From the day we brought her home, we have a big shrub in the yard that she would get running full speed and jump right in the middle of it and bounce around on the branches! This thing is about 4 feet tall and about 8 foot across. We call it her "bouncy house"! When we can't see her, all you have to do is look and see if the branches are wiggling and at some point she'll fly out of there like a bird! Or maybe better called a flying tree squirell!

I feel your pain, it can be frustrating, but I promise it will pass. Or at least get to be shorter in duration!!! The best advice I got... grab a cold beer and sit back and try to enjoy...


----------



## Stressedgoldenmom (Aug 2, 2011)

You guys are so lucky! Mine gets the Mazda zoom zooms at6am!!!!


----------



## Serawyn (May 23, 2011)

I love the zoomies!!! They make my day because there is pure joy on her face when Ellie runs around. She normally does this if she is excited about something. After a long walk, training session, or when my husband comes home from work. She just runs in her "race track" (aka, our fenced in back yard) for about 2 minutes. Then she flops down and waits for belly rubs. I look forward to this every day! 

But, fortunately, she has stopped charging at us and biting/nipping our clothes. She does it very rarely now (knock on wood!!!!), but it was frustrating at first. 

Even though it's summer, I've learned to just wear thick jeans and shirts that can't hang. When she charged at me, I turned my back and stood like a tree. She sometimes bit my butt to pull the jean's pocket, but I stood still and gave out a big yelp. I didn't move as it made her more excited. After about a week, she stopped trying to run and nip at me. I think if you're okay with trying this, maybe your puppy will learn biting you means no play time.


----------



## Deb_Bayne (Mar 18, 2011)

awesomesauce said:


> *grabbed his muzzle and folded his top lip inside his jaw over his teeth and squeezed, effectively making him bite his lip. He yelped and whined and she let him go after a few seconds.*
> 
> Good luck!


oh.... I cried reading this, how cruel. 

Bayne also went through the zoomies, jumping and biting and still does, I just leave the room he is in and let him get it out of his system. He will settle and then we are good to go. I would never, never inflict this type of pain on him. I have held him in a lie down position just to give myself time to get away from him when he is in the bitey, jumpy, playful mood. I remember he is just a puppy and has built up energy.


----------



## Serawyn (May 23, 2011)

Deb_Bayne said:


> oh.... I cried reading this, how cruel.
> 
> Bayne also went through the zoomies, jumping and biting and still does, I just leave the room he is in and let him get it out of his system. He will settle and then we are good to go. I would never, never inflict this type of pain on him. I have held him in a lie down position just to give myself time to get away from him when he is in the bitey, jumpy, playful mood. I remember he is just a puppy and has built up energy.
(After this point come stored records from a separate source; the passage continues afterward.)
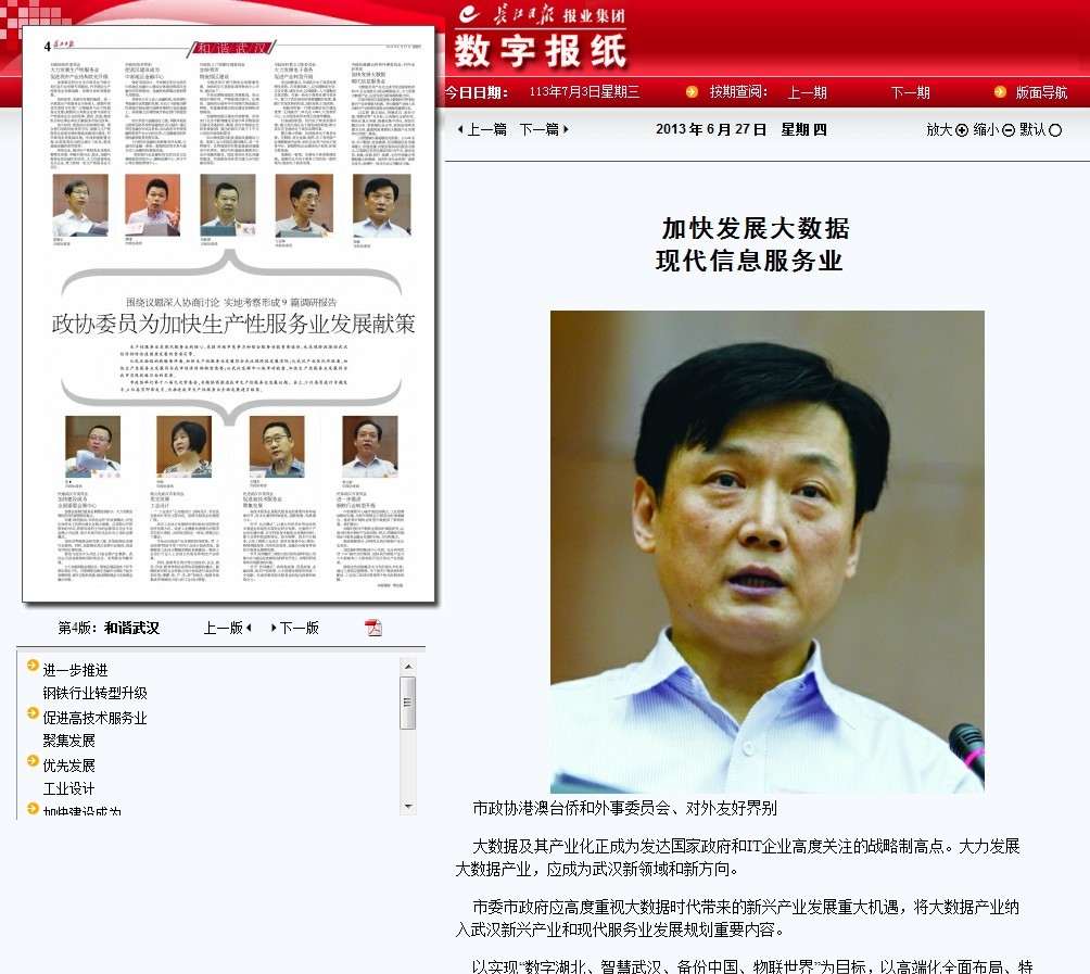 ? ? 市委市政府應(yīng)高度重視大數(shù)據(jù)時(shí)代帶來的新興產(chǎn)業(yè)發(fā)展重大機(jī)遇,將大數(shù)據(jù)產(chǎn)業(yè)納入武漢新興產(chǎn)業(yè)和現(xiàn)代服務(wù)業(yè)發(fā)展規(guī)劃重要內(nèi)容。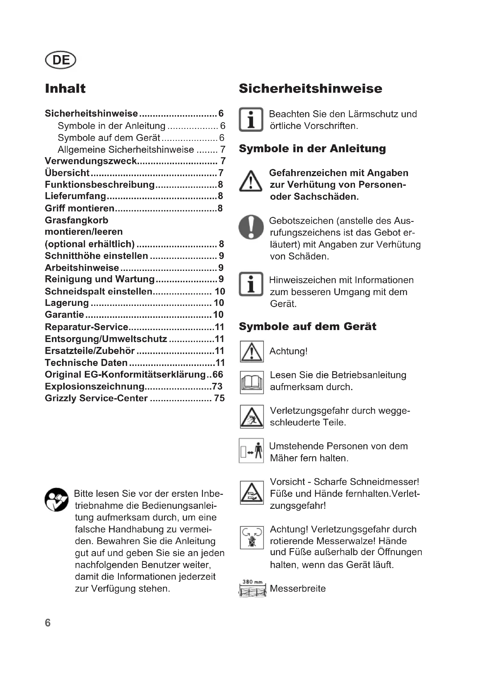 - Sicherheitshinweise Beachten Sie den Lärmschutz und örtliche Vorschriften. Symbole in der Anleitung Gefahrenzeichen mit Angaben zur Verhütung von Personen- oder Sachschäden. Gebotszeichen (anstelle des Aus- rufungszeichens ist das Gebot er- läutert) mit Angaben zur Verhütung von Schäden. Hinweiszeichen mit Informationen zum besseren Umgang mit dem Gerät. Symbole auf dem Gerät Achtung! Lesen Sie die Betriebsanleitung aufmerksam durch. Verletzungsgefahr durch wegge- schleuderte Teile. Umstehende Personen von dem Mäher fern halten. Vorsicht - Scharfe Schneidmesser! Füße und Hände fernhalten.Verlet- zungsgefahr! Achtung! Verletzungsgefahr durch rotierende Messerwalze! Hände und Füße außerhalb der Önungen halten, wenn das Gerät läuft. Messerbreite Bitte lesen Sie vor der ersten Inbe- triebnahme die Bedienungsanlei- tung aufmerksam durch, um eine falsche Handhabung zu vermei- den. Bewahren Sie die Anleitung gut auf und geben Sie sie an jeden nachfolgenden Benutzer weiter, damit die Informationen jederzeit zur Verfügung stehen. Inhalt Sicherheitshinweise p. 6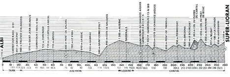 8h20 (Tarn) : Albi (km 0) - L'Hermet (km 13.5) - Gaulène (km 17.5) - Valence-d'Albigeois (km 22.5) - (Aveyron) : Saint-Jean-Delnous (km 32.5) - Durenque (km 48.5) - La Capelle-Farcel (km 54) - Arvieu (km 60.5) - Pont de Salars (km 75) - Le Vibal (km 82) - Laissac-Sévérac l'Eglise (km 93) - Gabriac (km 103) - Saint-Côme d'Olt (km 114) - Côte de Salgues (km 122.5-GPM3) - Aubrac (km 137) - (Lozère) : Nasbinals (km 145) - (Cantal) : Saint-Urcize (km 152.5) - La Roche-Canilhac (km 159.5) - St-Rémy de Chaudes-Aigues (km 152.5) - Chaudes-Aigues (km 175) - Côte de Chaudes-Aigues (km 177.5-GPM4) - Pont de Tréboul (km 191) - Ste Marie (km 195) - Pierrefort (km 204.5) - Rouchès - Brezons (km 213) - Farreyte - Les Roussinches - Lustrande - Le Bourguet (km 217.5) - Col du Plomb du Cantal (km 224.5-GPM2) - La Combe (près de) (km 228.5) - Sagnette - Col de Prat de Bouc (km 233) - Prat de Bouc - Albepierre (km 237) - Murat (km 244) - La Chevade (km 248) - Le Meynial - Laveissière (km 252.5) - Freisse-Haut (km 253.5) - La Bourgeade - Le Lioran (km 258.5) - Super-Lioran (km 260-GPM3).

I agree with Deb-Bayne!!! 

Awesomesauce, when we first got our puppy, a friend of ours taught us this method as well. We didn't know better so we implemented it and it did seem to work for the most part. Then we met with our dog behaviorist and his biggest rule is to train without pain. This only taught the dog to be fearful and your hand will equal pain. He showed us the effect it had on our little girl and I was shocked! When she ate, she kept looking at us and at our hands to see if we'd take away her food. When we were playing, if she got bity, she was so upset and would tuck her tail between her leg and nip. We never noticed she was scared of us until someone pointed it out. We immediately stopped doing that and is now building trust again. Our hands are always, always used for positive things. 

Please don't do this with your dog. It may work, but may also give you a fearful dog.


----------